◆ **WORK ORDER**
Somewhere below are a line with "Product name: スカート" and a later line with "Personalized Hunting Dad". Output exactly those lines and all lines between them.

◆ **RECORDS FOR THE EXERCISE**
BEGIN

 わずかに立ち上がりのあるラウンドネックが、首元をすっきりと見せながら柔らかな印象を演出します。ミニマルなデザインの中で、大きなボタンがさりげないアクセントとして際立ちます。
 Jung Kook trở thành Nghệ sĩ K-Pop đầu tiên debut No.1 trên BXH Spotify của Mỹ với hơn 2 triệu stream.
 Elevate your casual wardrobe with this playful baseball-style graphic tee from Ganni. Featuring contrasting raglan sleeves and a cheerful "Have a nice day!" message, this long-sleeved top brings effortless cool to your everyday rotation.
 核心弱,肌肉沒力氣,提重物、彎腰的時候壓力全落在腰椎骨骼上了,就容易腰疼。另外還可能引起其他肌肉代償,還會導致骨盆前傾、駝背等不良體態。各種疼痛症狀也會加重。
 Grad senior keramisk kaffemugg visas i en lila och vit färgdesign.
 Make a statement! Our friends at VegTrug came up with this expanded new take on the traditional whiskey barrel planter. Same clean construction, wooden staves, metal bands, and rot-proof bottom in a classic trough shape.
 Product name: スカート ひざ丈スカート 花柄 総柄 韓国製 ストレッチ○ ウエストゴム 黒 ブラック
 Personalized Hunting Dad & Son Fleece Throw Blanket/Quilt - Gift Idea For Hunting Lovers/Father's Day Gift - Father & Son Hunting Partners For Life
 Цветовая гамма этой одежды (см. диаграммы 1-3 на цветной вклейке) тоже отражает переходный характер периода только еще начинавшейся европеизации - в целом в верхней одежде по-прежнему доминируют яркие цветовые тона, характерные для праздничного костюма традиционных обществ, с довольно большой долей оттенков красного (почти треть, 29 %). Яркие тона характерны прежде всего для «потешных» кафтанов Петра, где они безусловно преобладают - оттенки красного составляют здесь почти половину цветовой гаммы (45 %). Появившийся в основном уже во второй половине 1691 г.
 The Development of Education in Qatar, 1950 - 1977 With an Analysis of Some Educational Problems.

END
BEGIN

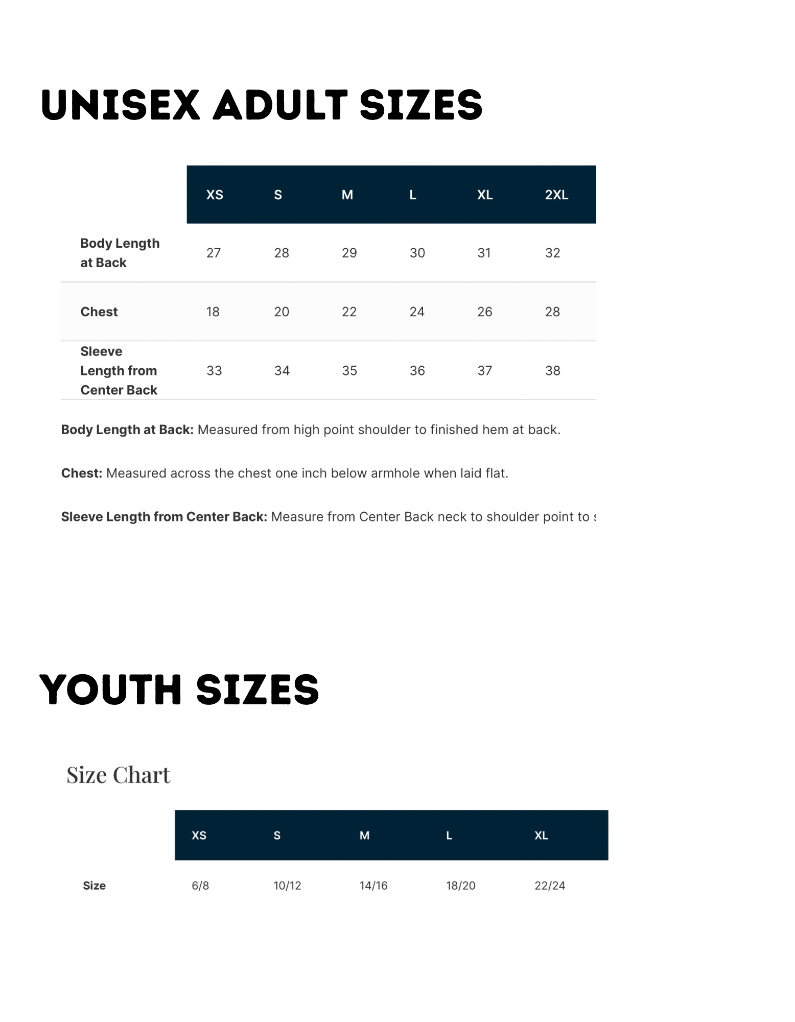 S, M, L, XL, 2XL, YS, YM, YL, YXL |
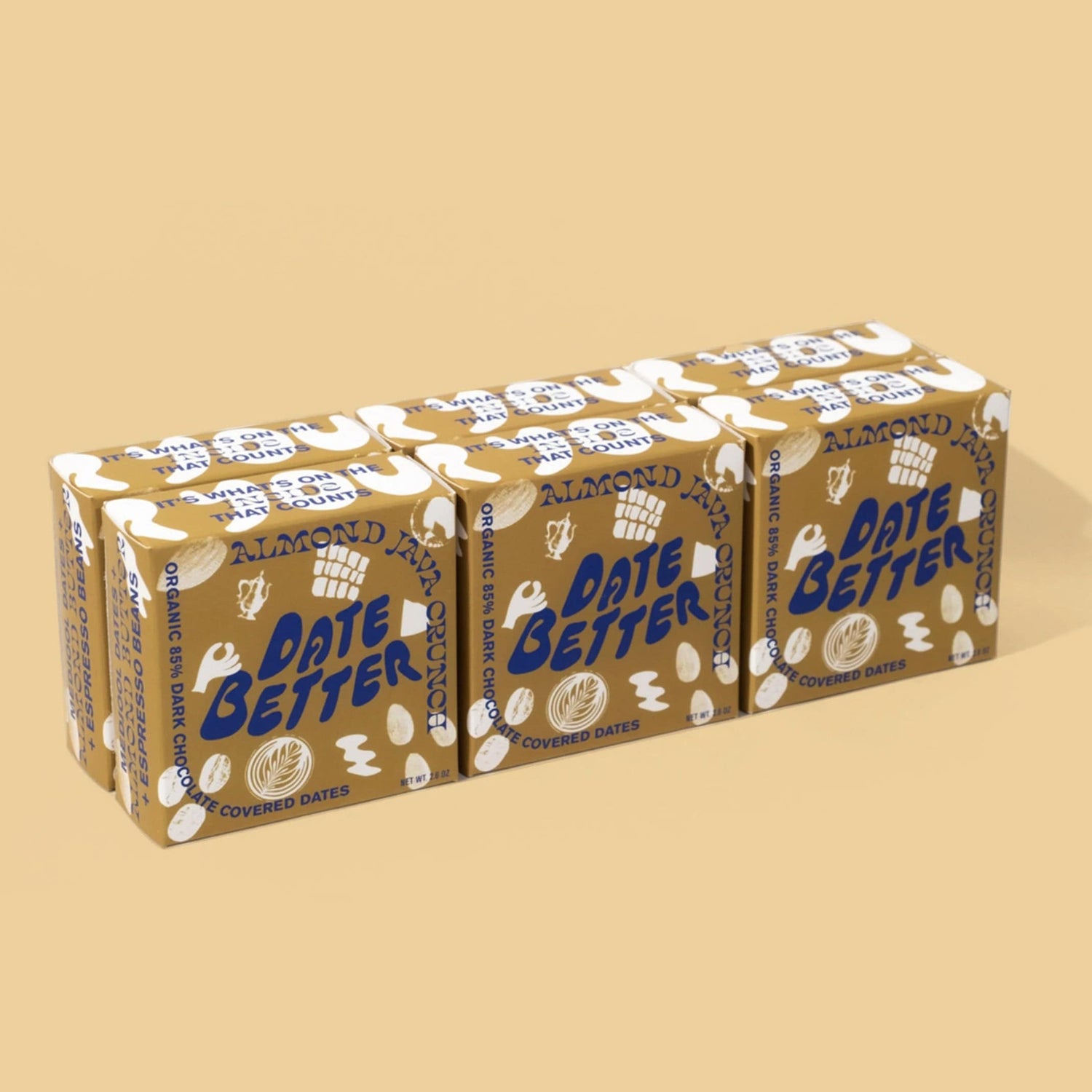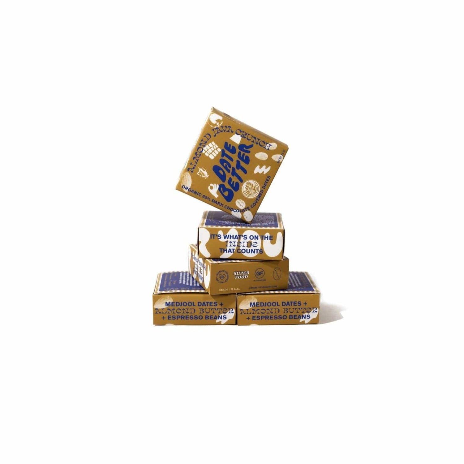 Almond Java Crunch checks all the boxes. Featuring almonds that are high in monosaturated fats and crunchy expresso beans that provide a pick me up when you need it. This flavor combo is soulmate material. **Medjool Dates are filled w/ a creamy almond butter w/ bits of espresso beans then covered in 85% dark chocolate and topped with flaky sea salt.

END
BEGIN

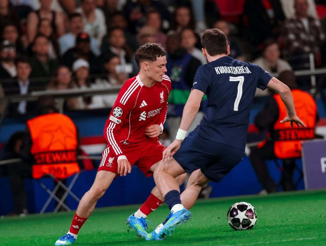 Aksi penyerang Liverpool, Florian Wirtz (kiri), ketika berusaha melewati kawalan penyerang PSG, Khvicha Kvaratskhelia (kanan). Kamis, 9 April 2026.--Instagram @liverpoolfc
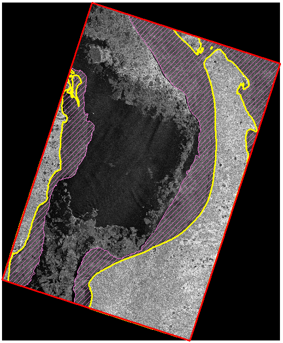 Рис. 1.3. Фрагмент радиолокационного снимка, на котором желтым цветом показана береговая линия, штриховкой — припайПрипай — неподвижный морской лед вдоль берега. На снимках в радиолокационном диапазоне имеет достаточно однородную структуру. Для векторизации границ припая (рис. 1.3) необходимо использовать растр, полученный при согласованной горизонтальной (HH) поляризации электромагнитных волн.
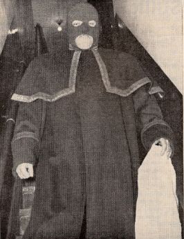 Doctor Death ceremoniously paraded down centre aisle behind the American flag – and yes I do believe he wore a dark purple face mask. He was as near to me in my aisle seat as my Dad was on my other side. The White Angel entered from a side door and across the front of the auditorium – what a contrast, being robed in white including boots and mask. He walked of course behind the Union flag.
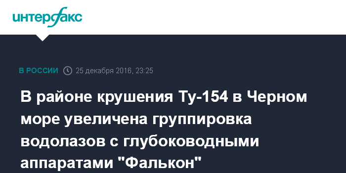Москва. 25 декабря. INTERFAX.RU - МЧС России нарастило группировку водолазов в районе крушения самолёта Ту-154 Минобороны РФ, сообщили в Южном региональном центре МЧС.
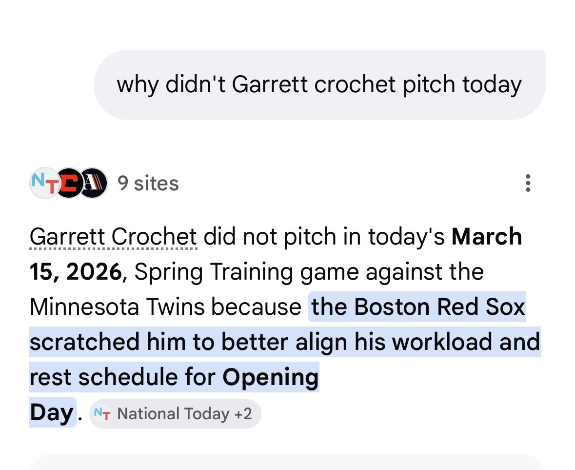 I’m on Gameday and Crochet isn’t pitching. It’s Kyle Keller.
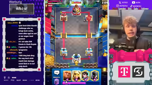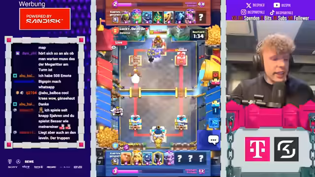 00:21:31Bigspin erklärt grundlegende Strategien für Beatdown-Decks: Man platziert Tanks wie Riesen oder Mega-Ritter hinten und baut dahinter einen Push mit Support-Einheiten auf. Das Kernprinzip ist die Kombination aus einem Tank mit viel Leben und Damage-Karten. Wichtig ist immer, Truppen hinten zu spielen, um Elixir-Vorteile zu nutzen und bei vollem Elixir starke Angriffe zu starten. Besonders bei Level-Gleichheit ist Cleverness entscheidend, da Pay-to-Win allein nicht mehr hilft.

END

◆ **SOLUTION TO THE EXERCISE**
 Product name: スカート ひざ丈スカート 花柄 総柄 韓国製 ストレッチ○ ウエストゴム 黒 ブラック
 Personalized Hunting Dad & Son Fleece Throw Blanket/Quilt - Gift Idea For Hunting Lovers/Father's Day Gift - Father & Son Hunting Partners For Life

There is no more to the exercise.